*Prompt*
Word for word, transcribe the listing that follows, minus any pictures.

*Data excerpt*
>>>>>

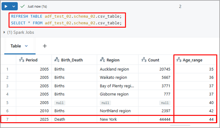 ただし、「Age_range」列や新しいデータがまだ反映されていないのが分かりますよね?では、説明します。
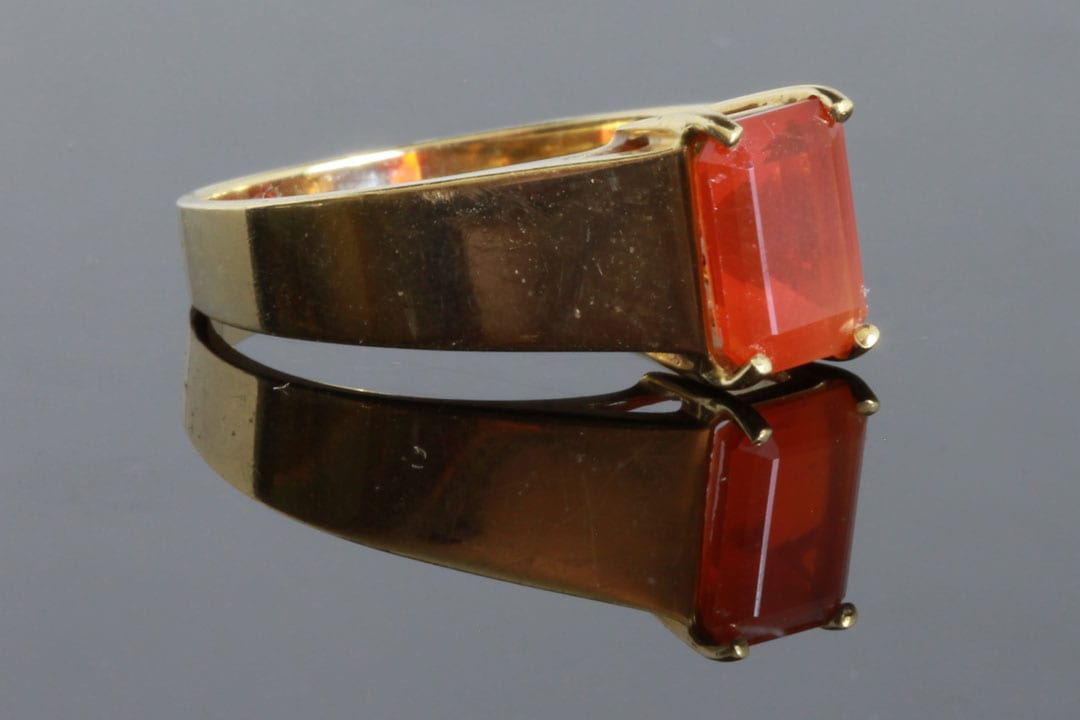 Cut: European Stone: Fire Opal Color: Slightly Hazy Yellow Gold Style: Cathedral
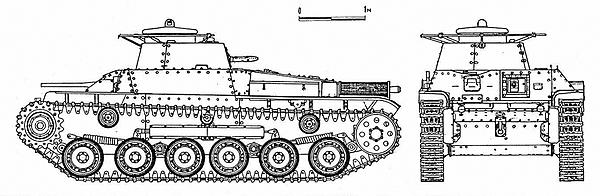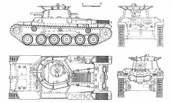 ДВИГАТЕЛЬ: «Тип 97» («Мицубиси»), 12-цилиндровый, дизельный, воздушного охлаждения; мощность 170 л.с. при 2000 об/мин.

<<<<<

*Written solution*
 ただし、「Age_range」列や新しいデータがまだ反映されていないのが分かりますよね?では、説明します。
 Cut: European Stone: Fire Opal Color: Slightly Hazy Yellow Gold Style: Cathedral
 ДВИГАТЕЛЬ: «Тип 97» («Мицубиси»), 12-цилиндровый, дизельный, воздушного охлаждения; мощность 170 л.с. при 2000 об/мин.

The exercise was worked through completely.